不知道他是從哪知道的消息,上門挑事還專程找來了學工部的宿管老師。

宿管老師的目光隔著鏡片掃過兩人,對陸知佑道:“你是701的宿舍長?”

“嗯。”陸知佑微微點頭應了聲。

“周一學校按例檢查宿舍衛生。有同學說你們在宿舍違規養貓,學校這邊需要了解情況。”

宿管老師順著手裏的名冊找到名字:“701宿舍,陸知佑,是吧?”

確認過後她越過陸知佑的肩膀,徑直看向裏間:“走吧,進你們宿舍看看。”

陸知佑沒答話,他側過身,讓出位置方便走廊外的人進來。許煥就跟在老師身後,經過身邊時,陸知佑擡眼看他那副仗勢的樣子,忽然笑了一聲。

“許煥,你還挺行啊。”

陸知佑懶散地開口,慣是往常那點漫不經心:“沒看出來,你原來真就這點水平。”

人都上大學了,還玩這套下三濫的告發舉報。

不知道念的是桐大還是桐小。

老師在裏間聽不到倆人站在門口的對話。

許煥冷笑道:“自己做錯了事,就別叫人抓到把柄。”

陸知佑微掀了眼瞼看他,說話時眼裏露出輕微的不屑與嘲弄。那雙剔透的眸子沈下來盯向許煥,眉目間雜涼薄的戾氣。他嗤了聲:“你管得著?”

被他的眼神刺激到,許煥的臉色愈發陰鷙。他扭頭看了眼裏間的方向,季南川已經下了床,正回答著宿管老師的問話,眼神冷冷地瞧著他。

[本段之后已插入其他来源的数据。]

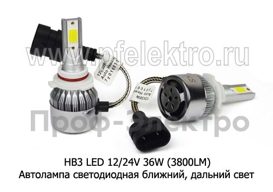 НВ3 LED 12/24V 36W (3800LM) Автолампа светодиодная НВ3 ближний, дальний свет, для корейских, японских а\м, все т/с 12/24В (К)
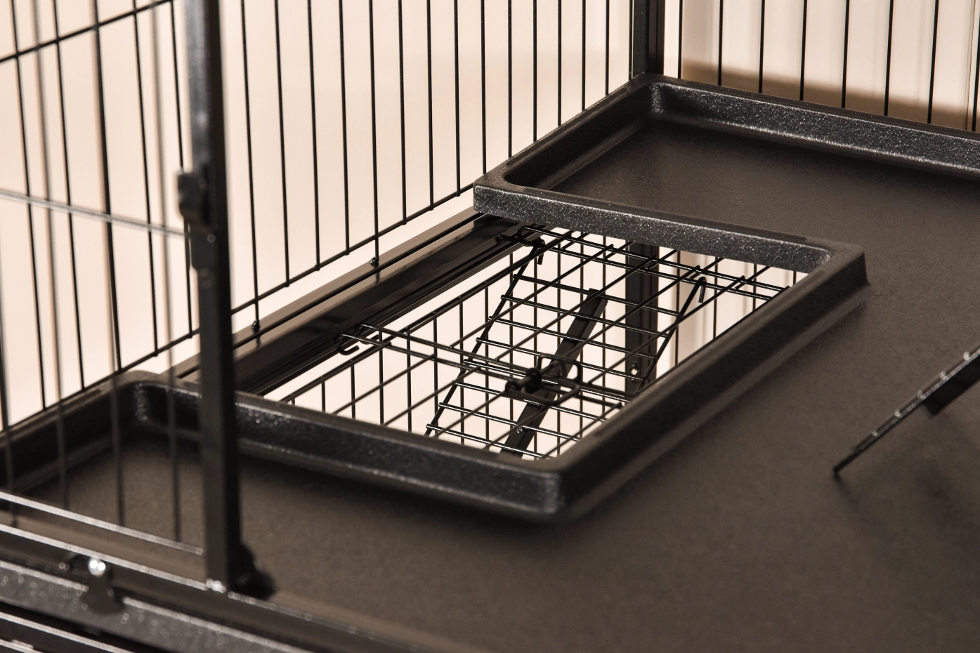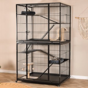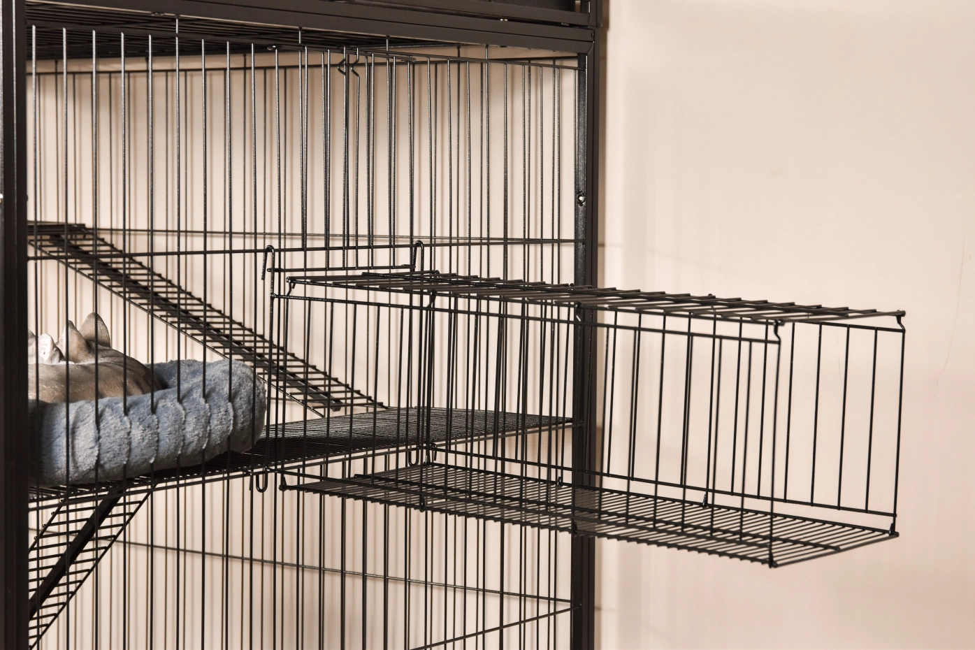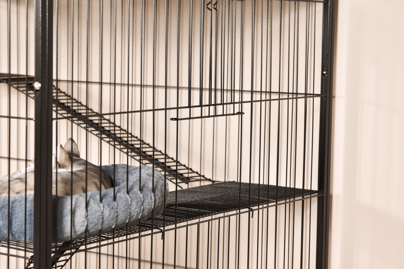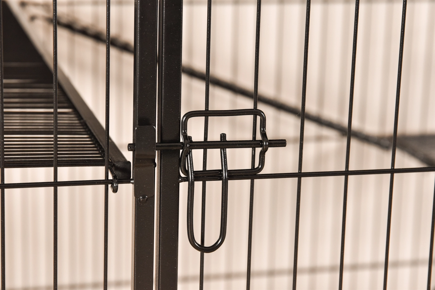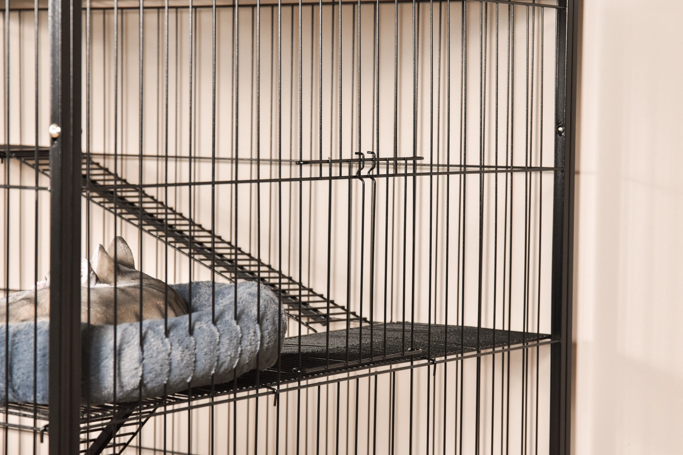 - Stabiler Katzenkäfig mit schwarzer Hammerschlag-Beschichtung der Gitterstäbe

知道這場突擊檢查正中二人下懷,許煥譏諷般開口:“是啊,我管不著。有人違規也不是我來判處分,學校自然會管。”

看到陸知佑朋友圈那天他就留了個心眼,等人把照片發給他,又再次確認過。

挺久之前陸知佑跟季南川就把貓帶進了宿舍,大概是每周查寢的時間都刻意收拾避過,才能在宿管眼皮底下藏這麽久。

他專程領著宿管老師來查,就是要抓到這個證據。

陸知佑看著許煥那副小人得志的樣子,從入社起便被對方接二連三挑釁的積怨,忽然都懶得再起清算的念頭。跟人吵架的前提,是把對方當人看。

許煥今天幹的這事兒已經徹底被他踢出了這個範疇。

陸知佑突然伸出手臂抓過許煥的肩,不容抗拒地推著他走進宿舍。他唇邊的笑意很涼,低頭對許煥低聲:“行啊,你也來我們宿舍好好看看。免得今天白來一趟。”

他就想看看,許煥今天大費周章的這場戲還想在701怎麽唱。

裏間的季南川早在開門時就了然情況,這會兒熟練應付著老師的問話:“……701就我們倆,其他舍友這學期沒怎麽來住。老師你就為這事兒來的啊?隨便看就是了,我們宿舍衛生條件一直沒問題。”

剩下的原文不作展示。